Bir seneden fazladır bir işyerinde engelli kadrosunda temizlik işinde çalışan bir kadın işçiyim. İşe başladığımda on beş seneden fazladır çalışan bir ablanın yanına verdiler beni. Ben engelli olduğum için Abla bana çok yardımcı oldu. Hem ağır işleri bana yaptırmadı, hem de işi ve gereken kuralları öğretti. Daha sonra Ablayı alıp başka bir bölüme verdiler. Ben çalıştığım bölümde tek kaldım. Engelli olduğum için çok zorlanıyorum. Yani önceden iki kişinin yaptığı işi tek başıma yapıyorum. Diğer arkadaşlarımın her biri de iki ayrı katın işini yapıyorlar. Yol parası, asgari geçim indirimi ve engelli indirimi dâhil 1350 lira maaş alıyorum. Diğer arkadaşlarımın da çoğu yıllardır çalışmalarına rağmen yol parası dâhil 1350-1400 civarı maaş alıyorlar.
Asgari ücret 1300 lira olacak diye işyerinde bize uygulanan baskı iyiden iyiye arttı. “Asgari ücret 1300 lira olacak” deniyor. Ama asgari geçim indirimi 1300 liranın içinde mi, dışında mı o da belli değil. Zaten iki kişinin yapabileceği işi tek başımıza yapıyoruz. Bu da yetmezmiş gibi niyetlerini açıkça söylemeseler de daha fazla baskı yapmaya başladılar. Biz de kendi aramızda konuşurken “acaba maaşlarımız asgari ücretin üzerinde olduğu için, hiç zam vermemek için mi bunları yapıyorlar?” diye birbirimize soruyoruz.

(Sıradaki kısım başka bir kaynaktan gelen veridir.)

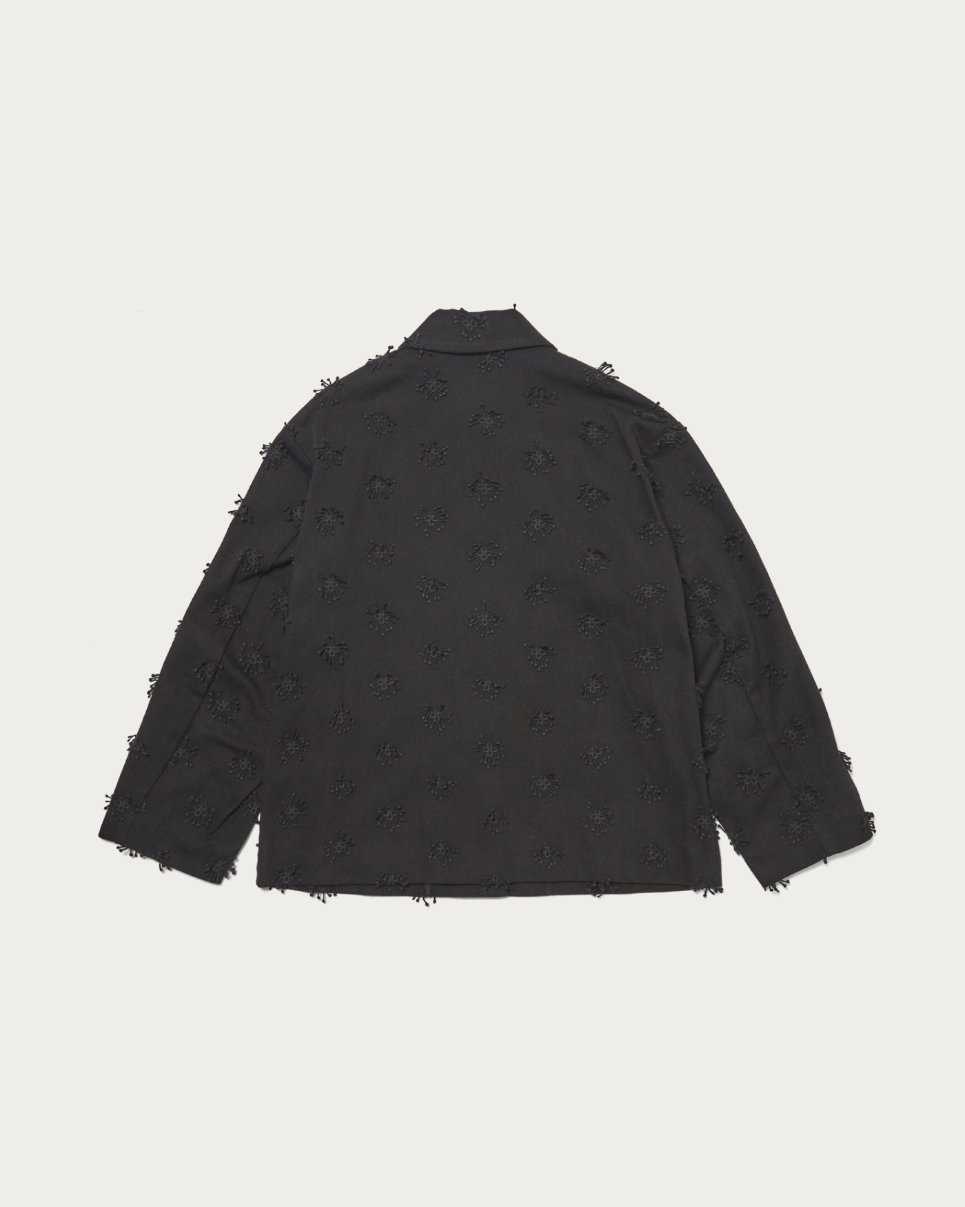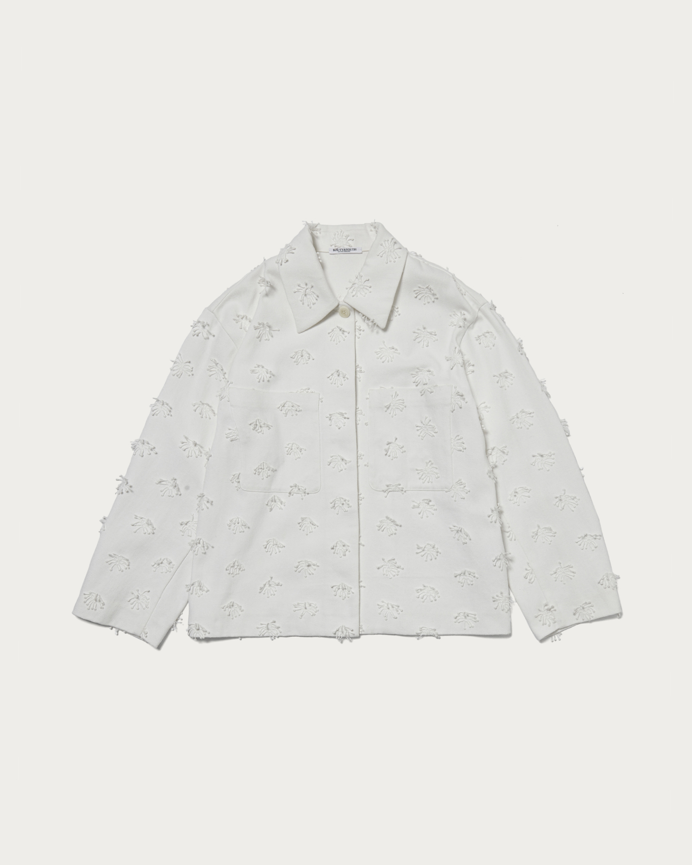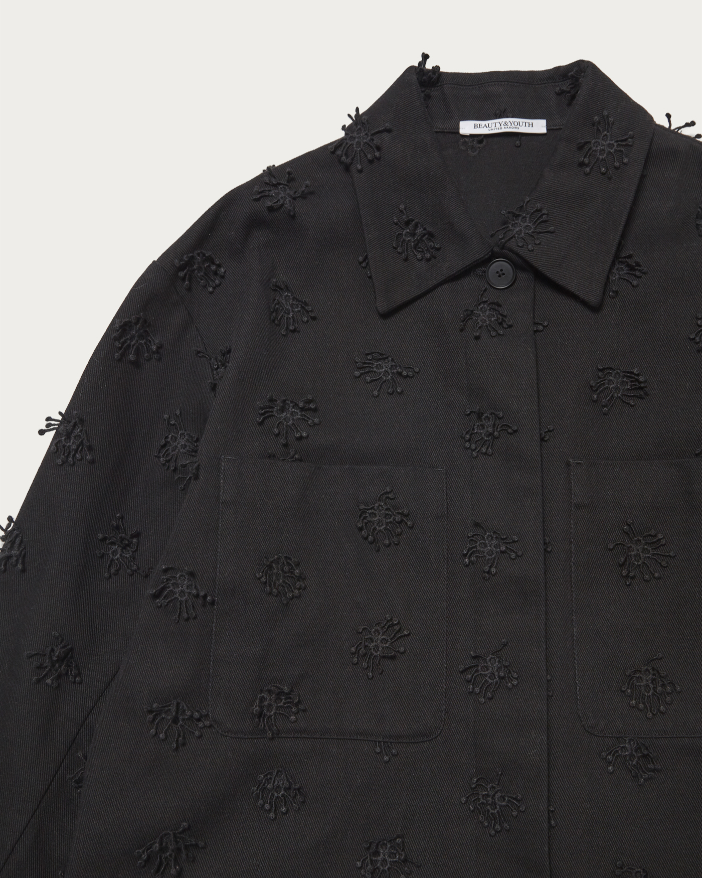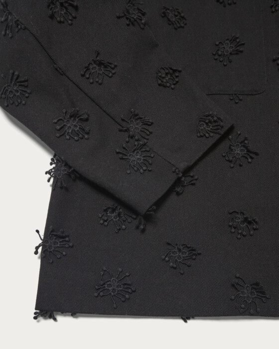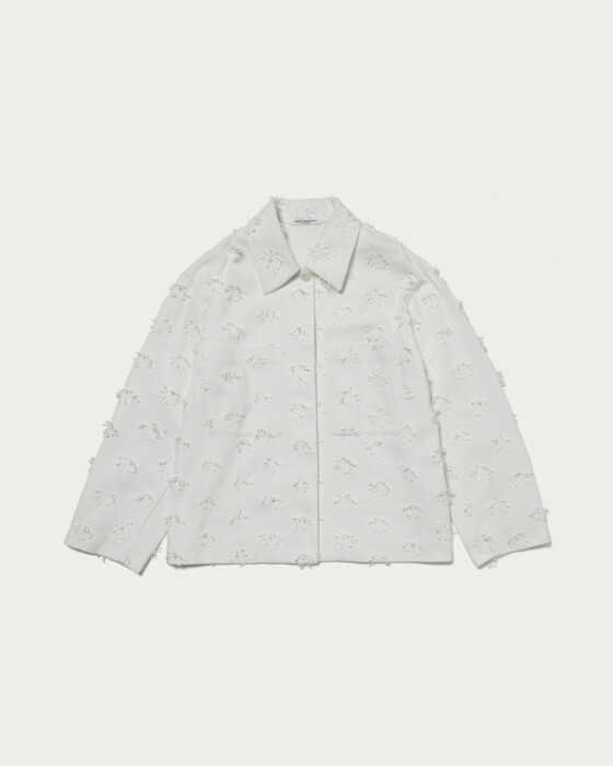 立体的な刺繍を施しシンプルに軽く羽織れるショートジャケット。比翼仕立てにしたボタンと、大きめのポケットもポイントです。シンプルなボトムを合わせたジャケットが主役のスタイルも素敵ですが、ぜひセットアップにも挑戦していただきたいアイテムです。
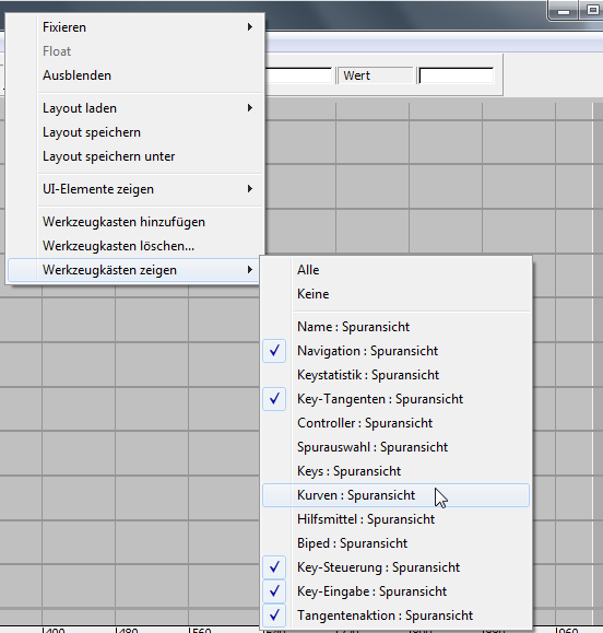Modifikatorgruppe den animierten Parameter für "Öffnen" (womit der Türöffnungswinkel festgelegt wird) und klicken Sie mit der rechten Maustaste in das numerische Feld. Wählen Sie im Quad-Menü die Option "In Spuransicht zeigen".
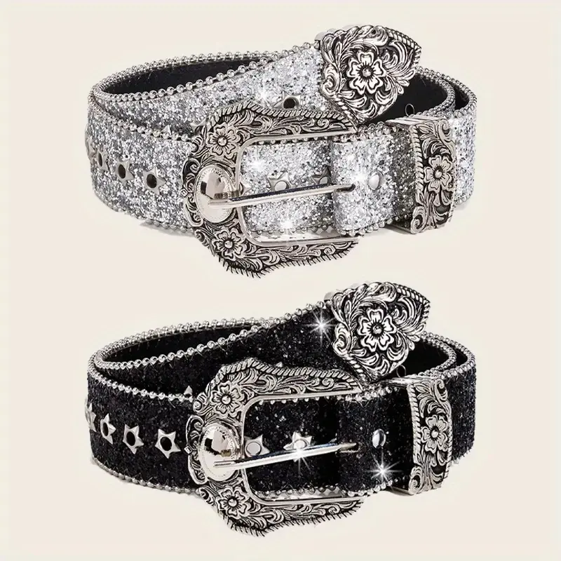 This belt is perfect for both men and women. It features a metal coating and a frame buckle, making it versatile for various outfits. The sparkling design adds a touch of glamour to any ensemble. Ideal for parties or daily wear, it's a must-have accessory. Fits waist sizes 28-40, ensuring a comfortable fit for everyone.
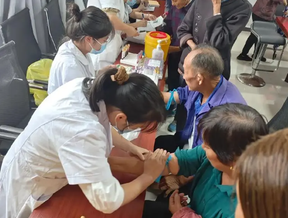 走进金门路街道惠康延年居家养老服务中心,工作人员正在为辖区内符合条件的老人们进行免费查体服务。惠康延年居家养老服务中心是一家在金门路街道扶持、统筹下建立的集居家上门护理、日间照料、长短期照护、康复活动、养老食堂等服务为一体的社区嵌入式养老服务机构,着力让辖区老年人在家门口就能享受到多层次、高品质、专业化的养老服务。
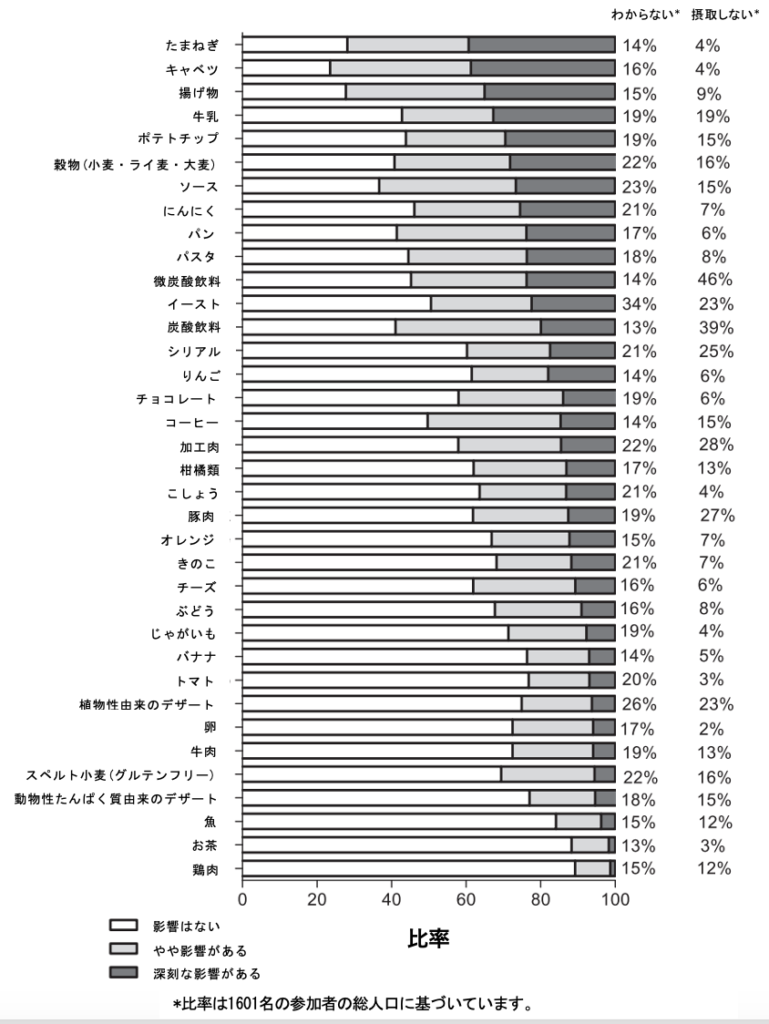 IBS患者さんでは食事に関する悩みが多いことがさまざまな研究で示唆されています。では実際にどのような食品で消化器症状を経験しているのでしょうか?

Yemek molamız bir saat. Ama biz yemekten sonra hemen işe başlıyoruz ki saat beşe kadar işimizi bitirebilelim. Sabah ve öğleden sonra çay molamız var. Ama gidip çayımızı alıp oturarak içemiyoruz. Çayımızı alıp patronlara ve müdürlere görünmemek için soyunma odasında, onlara görünmeyeceğimiz yerlerde gizlenerek içmek zorunda kalıyoruz. Çayımızı alıp oturarak rahat bir şekilde içemiyoruz. Beş dakika olsun dinlenmeye bile izin vermiyorlar. Yorulduğumuzda, beş dakika oturduğumuzu gördüklerinde kızıyorlar “oturmayın, çalışın” diyorlar. Bizi her dakika gözetliyorlar. Zaten yaptığımız iş belli. İşimizi akşam mesai bitimine kadar bitirmek için kendimizle yarışıyoruz. Buna rağmen her fırsatta tepemize dikiliyorlar. “İşinizi bitirmeden çıkmayın” diyorlar. Bazı günler işimiz bitmediği için mesai bitiminden sonra da çalışmak zorunda kalıyoruz. Fazla mesai parası vermemek için müdürlere “giriş saat 8, çıkış 5 yazın” diyor patronlarımız. Sabah saat 8’de işe başlamak zorundayız. Ama akşam çıkışımız her gün saat 5’te olmuyor. İşimiz bitmediği için bazen saat 5’i geçiyor, 5 buçuğa kadar kalıp işimizi bitiriyoruz.
Ben %68 engelli biri olarak, işyerinin koşulları çok zor olmasına ve bedenimi zorlamasına rağmen elimden gelenin fazlasını yaparak bu işyerinde kaldım ve ilk senemi doldurdum. Bu bir seneyi nasıl doldurduğumu bir ben bilirim. Oysa işverenin daha uygun ve bu kadar yorup canımı çıkartmayacak biçimde çalıştırması gerekiyor. Ama işverenimizde insaf ve vicdan yok. Diğer arkadaşlarımın da işleri hiç kolay değil. Benim işimin iki katı kadar ağır ve zor işleri. Bu çalışmayla yarın bir gün onlar da birer engelli durumuna gelecekler. İşverenimiz bizim sağlığımızı düşünmüyor. Hatta hiçe sayıyor. Bizim sırtımızdan kazandıkları paranın küçücük bir parçasını bize veriyorlar. Onu da çok görüyorlar. Biz olmazsak o kocaman binayı kim temizleyecek, kendileri mi? Bu işverenler nankörler. Ne kadar iş yapsak da gözlerine görünmüyor.